It looks like the Bush Administration has made another in a long line of second-term bone-headed moves:
Newly released e-mails allege U.S. government officials pressured a leading Internet authority into voting against creating a kind of red-light district for adult Web sites.
The apparent involvement of the U.S. Department of Commerce, President Bush’s chief political operative Karl Rove and others is significant.
If true, it means the U.S. government violated terms of a complicated arrangement it has with ICANN, the Internet authority that voted 9-5 two weeks ago not to OK the .xxx proposal.
What ICM Registry, the company that proposed the top-level domain, wanted was permission to distribute Web addresses that ended in .xxx to be used exclusively by adult entertainment sites.
The proposal won support from Wired Safety and Wired Kids, the Internet Content Rating Association and other child-safety groups because of the way it was expected to make it easier for authorities and parents to police the Internet.
Detractors said it just would make it that much easier to find porn.
ICANN voted it down 9-5, after seemingly being on track to approve of the effort.

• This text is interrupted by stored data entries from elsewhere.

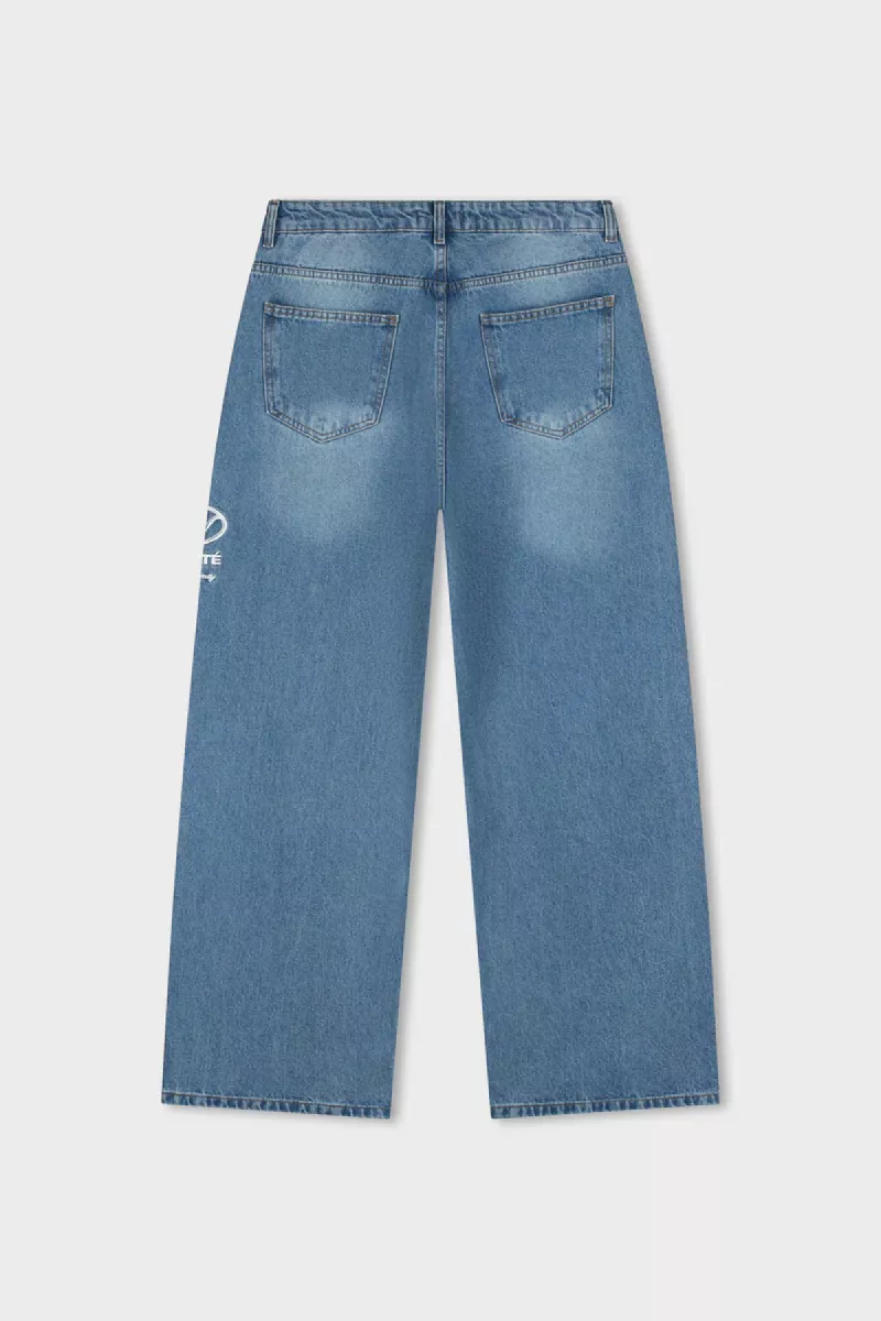 De blauwe denim wassing geeft de broek een tijdloze basis, terwijl het geborduurde Equalité Arid logo op het linkerbeen zorgt voor een herkenbaar detail. De klassieke indeling met twee steekzakken en twee achterzakken maakt deze jeans niet alleen stijlvol, maar ook praktisch.
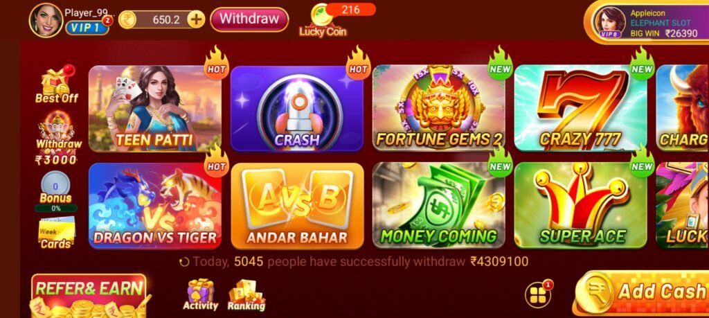 Dive into the sector of exhilaration with 3f game, your last destination for real-money gaming! enjoy exciting games like Rummy, Slots, and more even as grabbing each day bonus rewards starting from ₹50 to ₹500.
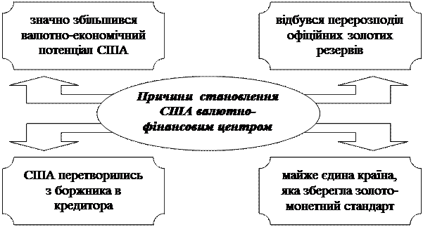 Під впливом закону нерівномірності розвитку в результаті першої світової війни валютно-фінансовий центр перемістився з Західної Європи до США.
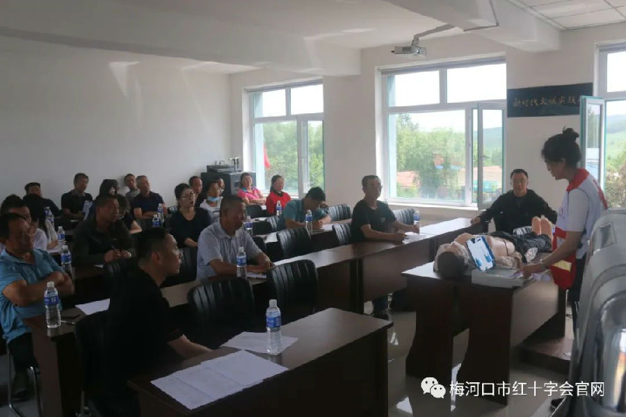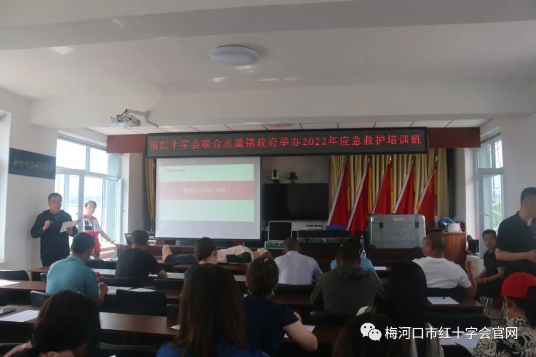 开展应急救护培训,普及应急救护知识,组织志愿者参与现场救护是《中华人民共和国红十字会法》赋予红十字组织的重要职责。为推进梅河口市红十字应急救护工作高质量发展,发挥红十字会在公众参与应急救护培训中的主体作用,不断提高应急救护知识在人民群众中的普及率,按照省红十字会要求,秉承“公众参与、现场教学、注重质量、稳步推进”的原则,2022年6月29日市红十字会联合水道镇政府举办水道镇2022年应急救护培训班,机关干部、村三委成员近40人参加了此次培训 ,拉开全市2022年应急救护培训序幕。
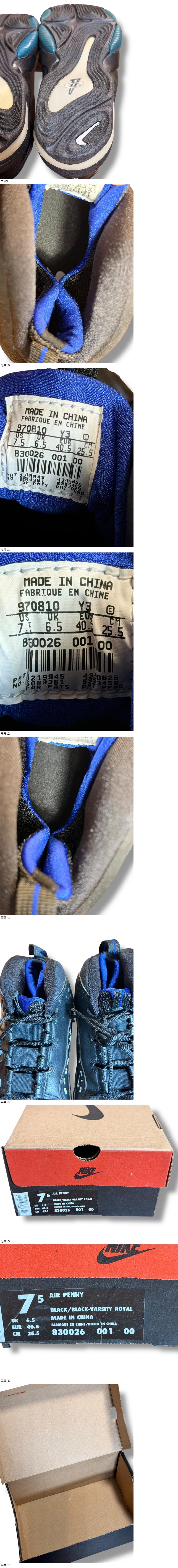 【送料無料】Y2K/90s NIKE AIR PENNY ナイキ エアペニー バスケットボールシューズ ブラック/ロイヤル 約25.5cm(US7.5/UK6.5/EUR40.5) 收藏

Since the ICANN vote, ICM Registry has made public e-mails, here in PDF form, between members of the Department of Commerce, various other branches of the federal government and ICANN.
The company had asked for the communications earlier under a Freedom of Information Act request.
After discovering many of the e-mails had been redacted, ICM on May 19 asked a judge in Washington, D.C., to force the Department of Commerce to fill in the blanks.
ICM says the e-mails show how the National Telecommunications and Information Administration, a branch of the U.S. Department of Commerce, was subjected to intense pressure to intervene on behalf of the Family Research Council and Focus on the Family, two socially conservative lobbying organizations.
Preventing the creation of a top-level domain which would make it very easy for parents to prevent their children from straying onto objectionable web sites is not the thing a conservative administration wants to do. No doubt groups like Focus on the Family want to rid the Internet of pornography altogether, but the Internet is not owned by any one government so that just isn’t possible. The very best you can do is make pornography easily identifiable so that people who choose to do so can avoid it. The creation of a “.XXX” domain would do this.
Is it just me, or has the Bush Administration lost it’s ability to use common sense?







May 24th, 2006 at 9:41 pm
Well, you know how anti-porn I am, and I agree with you 100%. What a stupid thing to do. CWA was overjoyed when the .XXX domains went down. Very foolish.
May 25th, 2006 at 12:19 am
People are having trouble finding porn on the internets?